TRIVIA John Sandfield Macdonald, first premier of Ontario, resided in Cornwall at stately Ivy Hall. Where was Ivy Hall and in 1987 what did it become?

TRIVIA ANSWER Le Village Donuts operated at 10 Montreal Rd. from 1982-2000. The building was demolished the next year and replaced by Dubuc Eye Clinic. Over the years, the address was home to the Maple Leaf Hotel (circa 1889), G. de Varenne’s Pharmacy, Rex Dupuis’ Smoke Shop and a beauty salon before becoming the doughnut shop.

IN THE REAR VIEW MIRROR Hughie McAlear remembers how he and a few high school buddies (CCVS) would show up at a Red Cross blood clinic run by Sam Hill with somebody else’s age of majority ID so they could give blood and collect the $1 donor payment. “Then we’d stop at the old Central (hotel) and have a round of 10-cent draughts,” he recalled. “The joke was that we were down a pint and up a quart.” … The Ontario Tourist information centre on Second Street West which at the time was Highway 2. … The Howard Smith Paper Mill monthly magazine – The Log – which was mailed to every employee. Editors were Don Auty and later Glen Sloan. … The city worker, pushing a barrel on a wheels , who was tasked with keeping the downtown core clean of litter.

JEST KIDDING Well, that does it. After watching the anti-Conservative Ontario Provincial Police Association TV ads (Union Slams Hudak) I’m signing up for an Ontario Liberal membership card which I will carry next to my driver’s licence – just in case I’m ever pulled over by a member of the Ontario Provincial Police Association who is on board with the union’s position vis-a-vis Hudak and the Conservatives.

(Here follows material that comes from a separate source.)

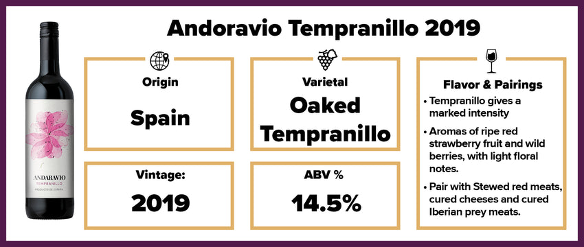 Andoravio Tempranillo is grown in the Castilla de Mancha region of Spain which gives the grapes a marked intensity in which its varietal characteristics standout. Aromas of ripe red strawberry fruit and wild berries mingle with light floral notes. We recommend serving with stewed or braised red meats or cured cheeses.
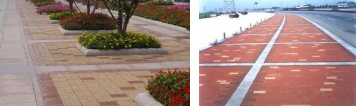 自行車道對于鋪裝平整度的要求與步行道相同,但對于圖案樣式與質(zhì)感變化的要求稍低。在自行車道的重要決策點,包括起止點、轉(zhuǎn)折點和機非潛在沖突路口或路段等,可變換顏色,采用彩色鋪裝的形式,從而提示使用者注意前方路況或行駛安全。此外,采用不同顏色的彩色自行車道路面鋪裝可將機動車道與非機動車道清晰地進行分隔,既減少不必要的隔離設(shè)施、節(jié)約道路空間,又比傳統(tǒng)劃線分隔更加清楚明朗,建設(shè)費用更低。

HERE & THERE Stop the press. The weather folks came close to getting a five-day weather forecast right. … Overlooked is the fact that Toronto already has the biggest casino in the country. It’s on Bay Street. It’s called the Toronto Stock Exchange (TSE). … Strange, isn’t it. If the city talks about not filling one or two vacant positions to save money some members of council react as if the Doomsday Clock is about to strike midnight. Yet, a few hundred jobs disappear in the private sector and not a peep of concern from the same folks, especially so when they are non-union jobs.

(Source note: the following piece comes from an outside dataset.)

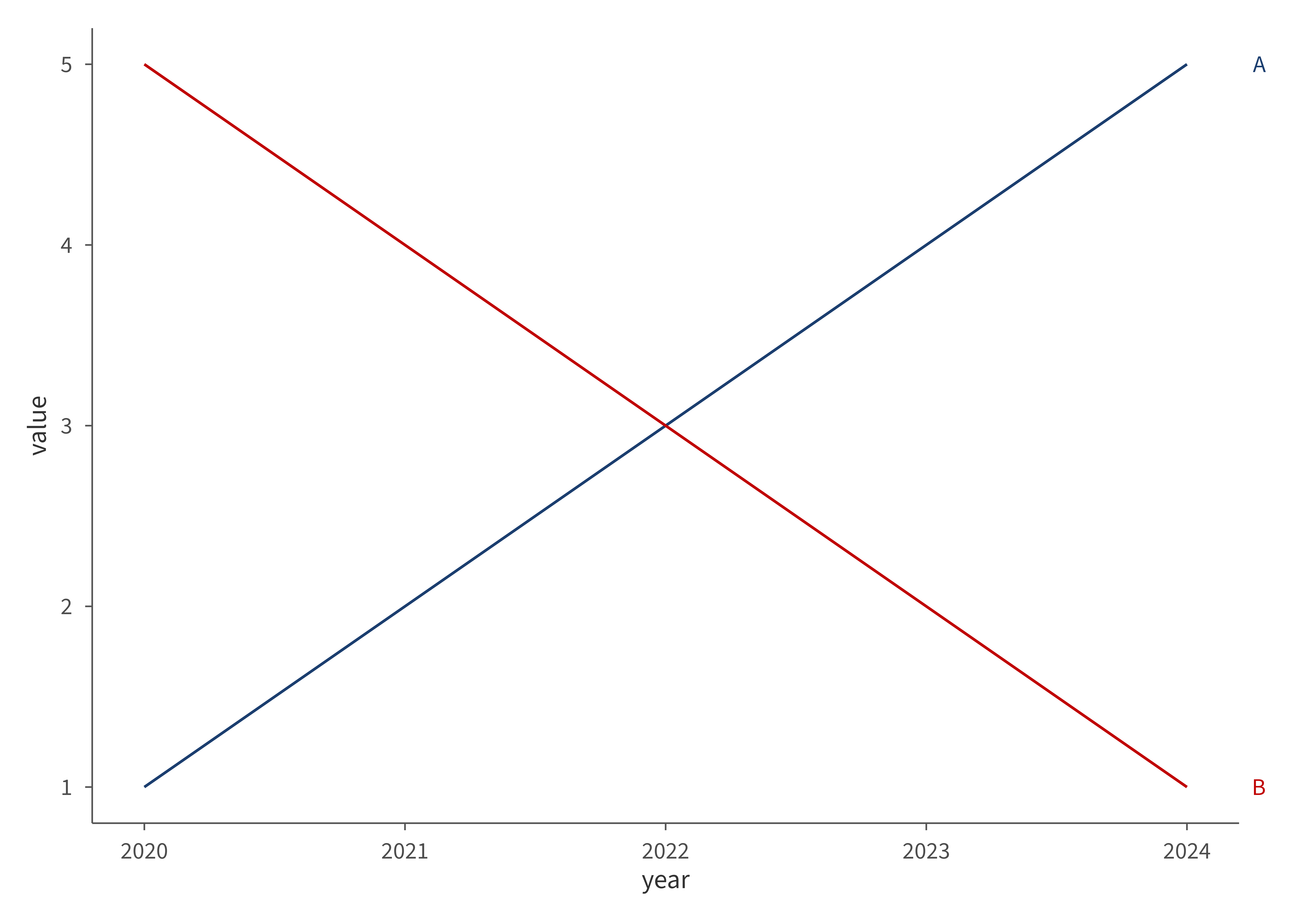 Replaces the legend with group labels placed on a secondary y-axis, aligned with each group's final value. Label colors match the group colors for easy identification.

THIS & THAT Snappy new Tim Hortons TV commercial (We’ve Been Everywhere) mentions Bainsville but not Cornwall which had the first Tim store (Brookdale Avenue) outside the Hamilton/Burlington market. Co-founder Tim Horton officially opened the store, while his partner, Ron Joyce, worked a couple of night shifts helping the new owners bake doughnuts.

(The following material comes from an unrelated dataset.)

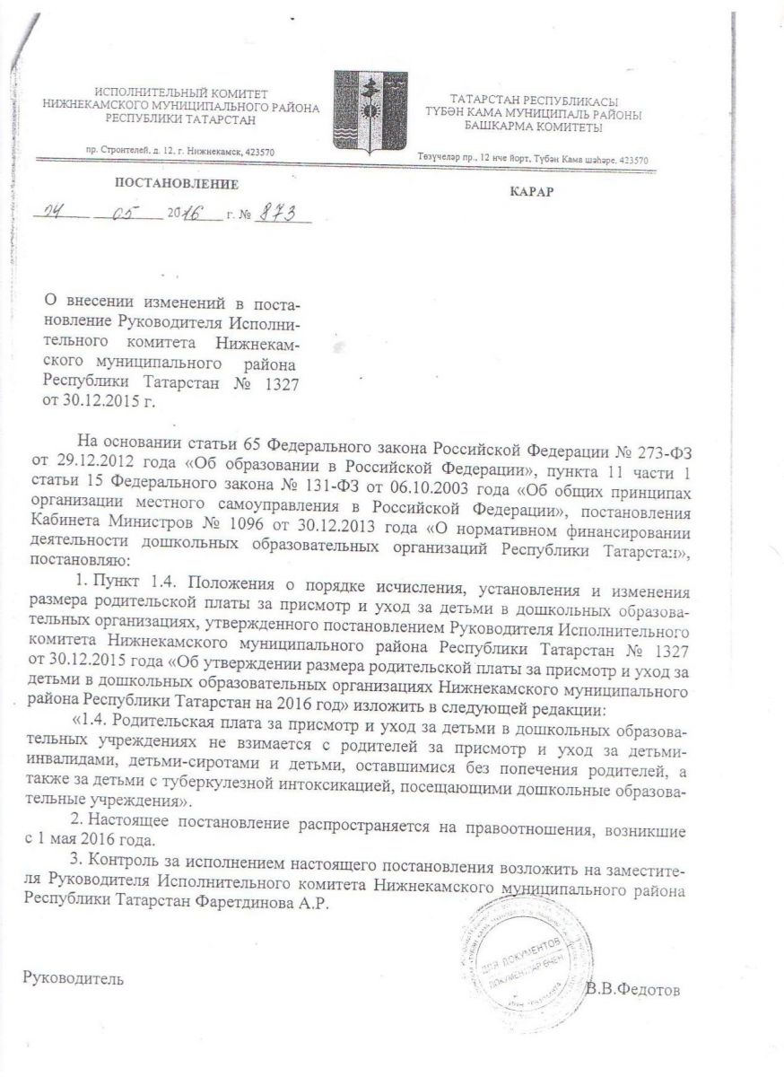 О внесении изменений в Постановление РИК №1327 от 30.12.2015г

ROUND’N’BOUT Union members – nurses and support staff – at Massena Memorial Hospital are willing to accept a three-year wage freeze to save the hospital from drowning in red ink and possible bankruptcy. … Movie star Steven Seagal was in Akwesasne on Monday, June 2. According to The Mohawk Nation News the actor stopped in at Akwesasne after attending a family gathering in Kahnawake near Montreal on the weekend. A follower of the Buddhist faith, Seagal, 62, is an Native rights activist. He serves as a reserve deputy in the Jefferson (Louisiana) Parish sheriff’s department. He traces his ancestory to Kahnawake. … Back in the days when it was unusual to see a woman driving a car, Irene Alguire not only drove a car but broke down another barrier when she got into the male-dominated real estate business, becoming one of the most successful of her time. She died recently at age 97.

JUST A THOUGHT Something you never heard the Ontario food bank organization talk about during the election – that under the Liberal government the demand on Ontario food banks has gone through the roof. You can bet that if a Conservative government had been in power for the last eight years, it would have been a major issue.

AND ANOTHER THING Just thinking out loud but with the federal government licensing (legal) medical marijuana grow ops, might be time for somebody to take a look at the empty water bottling plant on Cornwall Island. It has a (relatively) inexpensive source of electricity (Cornwall Electric) and an abundance of water flowing right past its doors. It would give Akwesasne a major economic boost. … Breaking consumer news last week alerted Canadians to the fact that meat prices have skyrocketed in the last 12 months. Really! Does the author of the report think folks never noticed?